Çikolata ve tatlıların içerisinde genellikle firmalar tarafından NBŞ kullanıldığını anlatan Kahraman, büyüklerin de evlerine giderken aldığı gazlı içecek ya da tatlılarla ev halkına bilmeyerek kötülük yaptığını anlattı.

Yapılan araştırmaların doğalın dışına taşmış şekerin pankreas kanserine neden olduğunu gösterdiğini anlatan Kahraman, çay şekerinin ise pankreas kanseri ile ilişkisinin bulunmadığını belirtti.

Yapılan araştırmaların ardından ABD’nin NBŞ’ye kota koyduğunu ifade eden Sefer Kahraman, yapılan deneylerde Fruktozun, diyabet, koroner kalp hastalığı, karaciğer yağlanması ve hipertansiyona yol açtığının da görüldüğünü söyledi. Son 30-40 yıldır çay şekeri yerine mısır şurubunun kullanılmasının, şişmanlığın ve şişmanlıkla ilgili hastalıkların bir salgın haline dönüşmesini kolaylaştırdığını kaydeden Kahraman, çocukların yediği bir çok üründe ve günde defalarca içmesine izin verilen içeceklerde NBŞ olabileceğini paketlerin, kutuların üzerinin iyi okunarak NBŞ varsa tüketilmemesi gerektiğini ifade etti.

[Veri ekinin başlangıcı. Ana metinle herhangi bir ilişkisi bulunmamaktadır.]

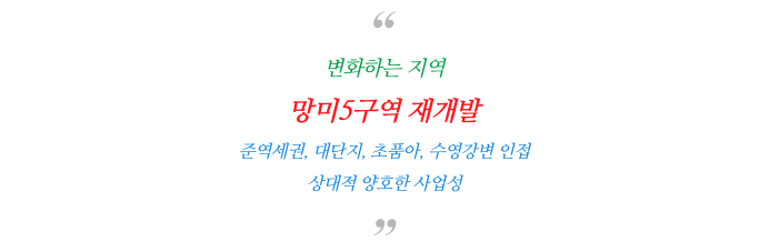 4. 망미5구역 재개발 : 사업 주요 특징 :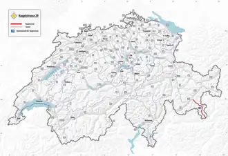 The Hauptstrasse 29 is a main road in the Swiss canton of Graubünden, with a total length of 51 km (32 mi). The road begins at a junction with Hauptstrasse 27 between Samedan and Pontresina, and passes Pontresina before climbing over the Bernina pass at a maximum elevation of 2,328 m (7,638 ft) above sea level. From the summit of the pass the road descends into the Val di Poschiavo and passes through San Carlo, Poschiavo, Le Prese and Brusio before reaching the border with Italy at Campocologno.[1]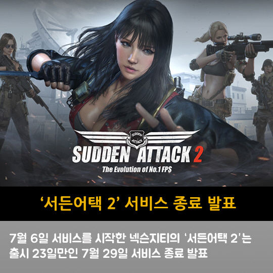 7월 6일 서비스를 시작한 넥슨지티의 '서든어택 2'는 출시 23일만인 7월 29일 서비스 종료 발표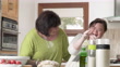 Mother teaching daughter to bake in the kitchen - 4K stock video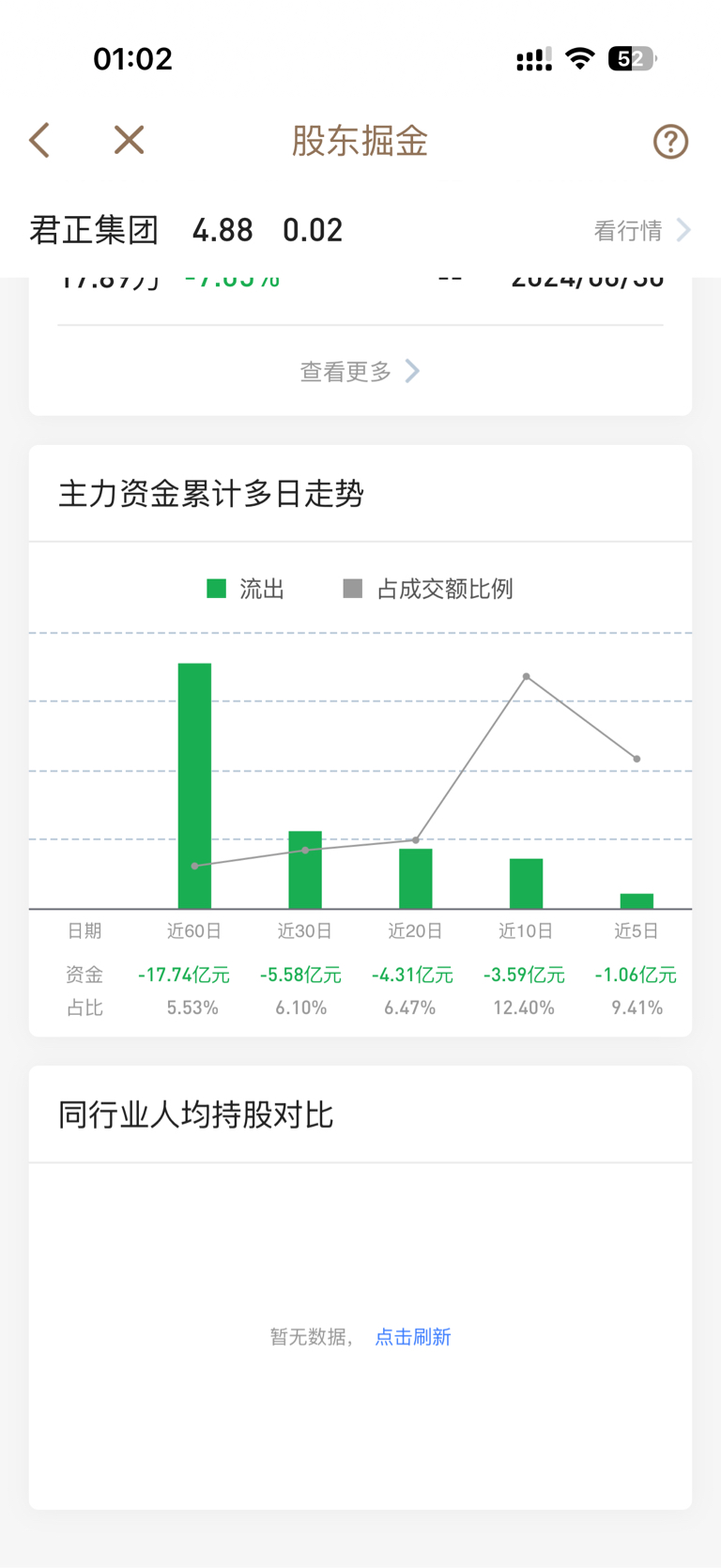 $君正集团(SH601216)$ 流出资金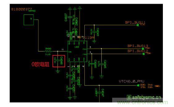 從測試結果來看,諧波超標很嚴重,這一點與天線區(qū)域的雜訊信號很相似,考慮到傳導嫌疑已經(jīng)排除,因此分析的重點集中到了天線區(qū)域的非線性器件。從如圖4所示原理圖可以看出,天線的調諧開關是正常工作的,由于天線開關本身是非線性器件,因此首先確認天線開關的影響。將天線開關旁路(天線仍然正常)如圖5所示,發(fā)現(xiàn)此時2.55GHz的雜訊可以降低到-55.7dBm左右,因此可以確定天線區(qū)域的雜訊就是調諧開關造成的。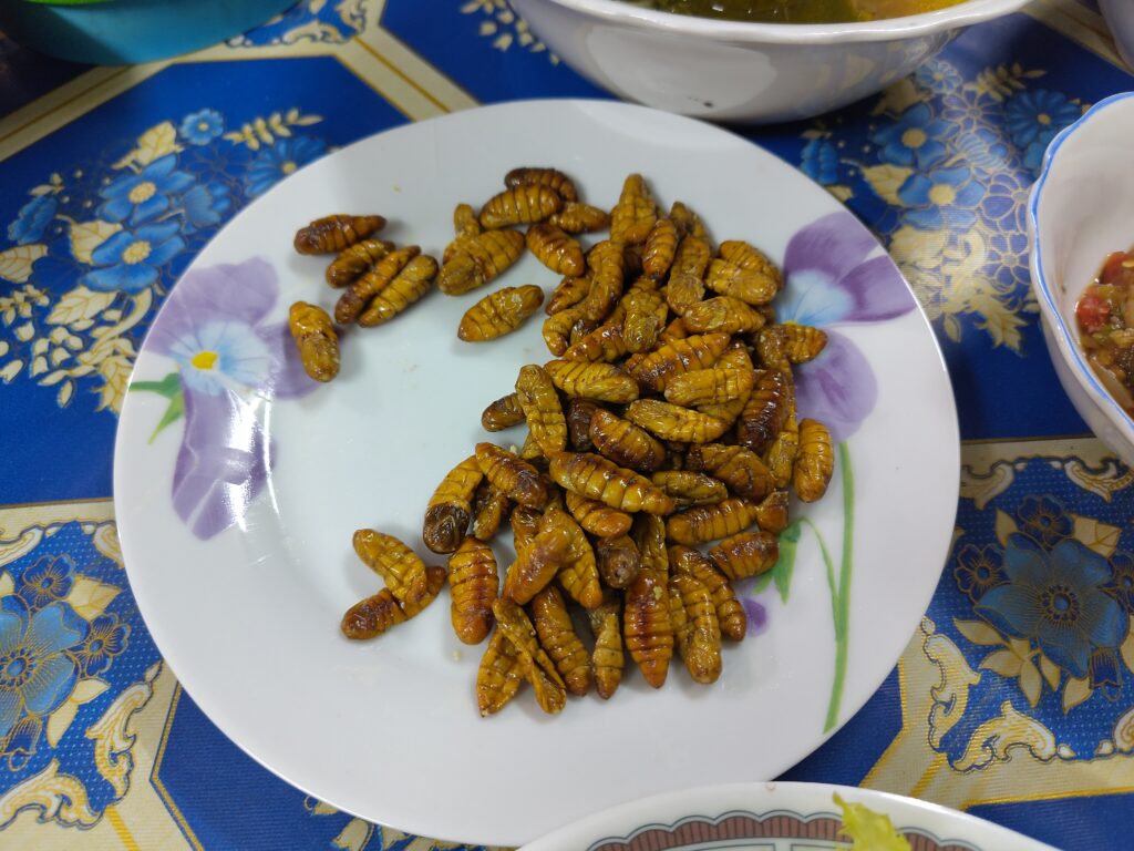 Et comme si ça ne suffisait pas, je me fais accrocher par deux jeunes femmes qui me reconnaissent, dont Thep ou Thip, je ne sais pas trop, qui a travaillé autrefois dans le projet du SFE de Kapeu (clôturé en 2019 sous la direction de Dawn Lewis[1]) et travaille maintenant avec Terra Clear. Toute contente, elle prend une photo pour l’envoyer à «Mè-Dawn» (= «maman Dawn).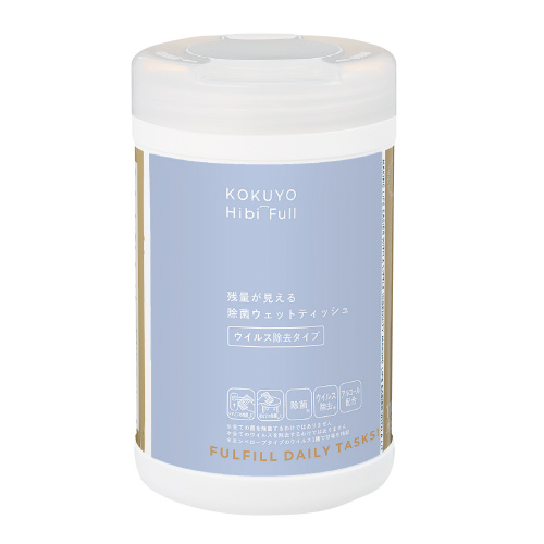 シートの残量が見える半透明キャップ採用で、詰め替え目安がわかるウィルス除去成分配合の除菌ウェットティッシュ。施設のドアノブや手すりの清掃に。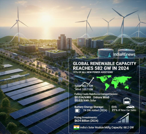Global Renewable Capacity Reaches 582 GW in 2024, Accounting for 91% of All New Power Additions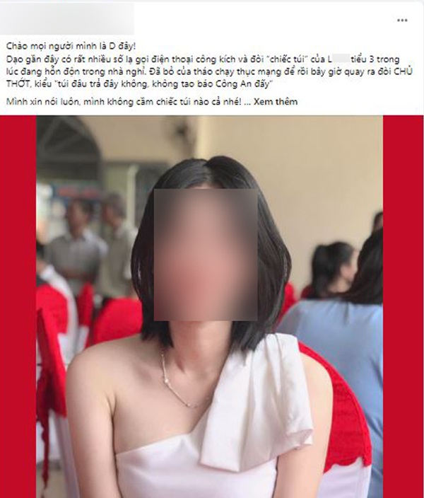 Chưa dừng ở đó, sau khi đánh ghen xong, D. liên tục nhận được cuộc gọi lạ. Ban đầu họ gửi lời xin lỗi đến cô nàng, sau đó muốn xin lại chiếc túi xách của tiểu tam (bị bỏ quên tại nhà nghỉ trong lần bị đánh ghen, nhưng cô không hề lấy – PV). Khi cô khẳng định mình không biết túi xách ở đâu, họ liền dọa nạt nói sẽ đưa ra công an làm rõ.
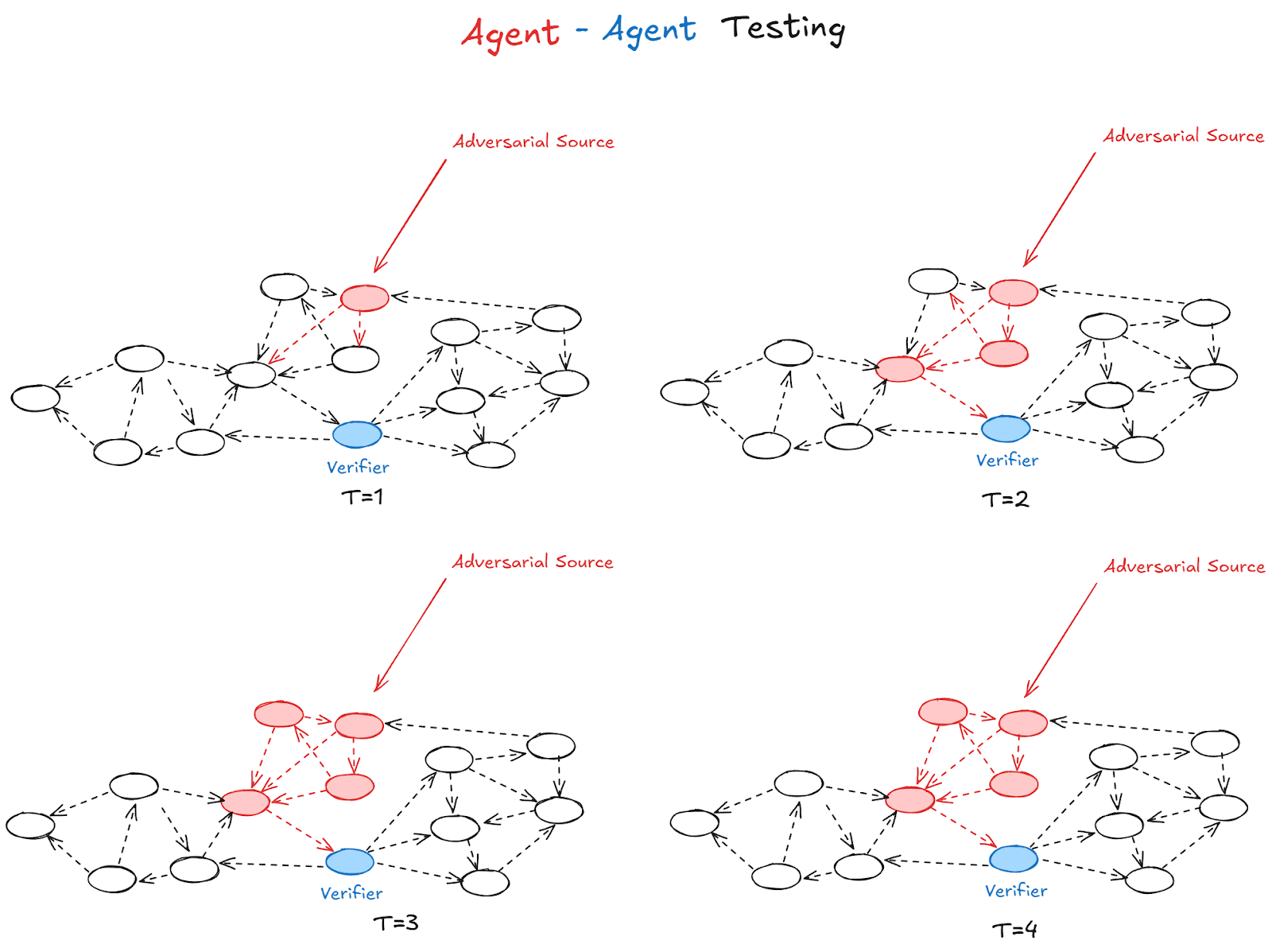 An agent vs agent evaluation can be pictured as a graph, where you have an adversarial source that starts spreading itself (immunology model) until it meets the resistance of an immune verifier agent. This is one of many more models of agent-agent evaluations that one can run.

Kimyasal tatlandırıcılardan aspartam ve sakarinin, market raflarındaki diyet kola, düşük kalorili yoğurt ve şekersiz sakızın yanı sıra açıktan satılan baklava, reçel, helva ve süt tatlıları gibi birçok üründe rahatlıkla şeker yerine geçerken, insanların aldığı birçok ürünün içinde kimyasal tatlandırıcı kullanıldığını bilmediğini ifade eden Kahraman, “İşin sağlık boyutu dikkate alındığında on kat daha ucuza alınan ürünün sağlığımız üzerindeki olumsuz etkisi sebebiyle cebimizden kat kat daha fazlası çıkarak, bedelini vücudumuz ödeyecektir. Yani ucuz etin yahnisi bize çok pahalıya patlayacaktır. Tatlandırıcıların kontrolsüz üretimi ve ithalatı, bavul ticareti ve sınır ticareti yoluyla ülkemize fazla miktarda girmesi engellenmediği taktirde şeker fabrikalarının kapanmasının, yerli katma değer kaybının ve sektörden ekmek yiyen milyonlarca insanın iş ve aşını kaybetmesinin önüne de geçilemeyecektir” dedi.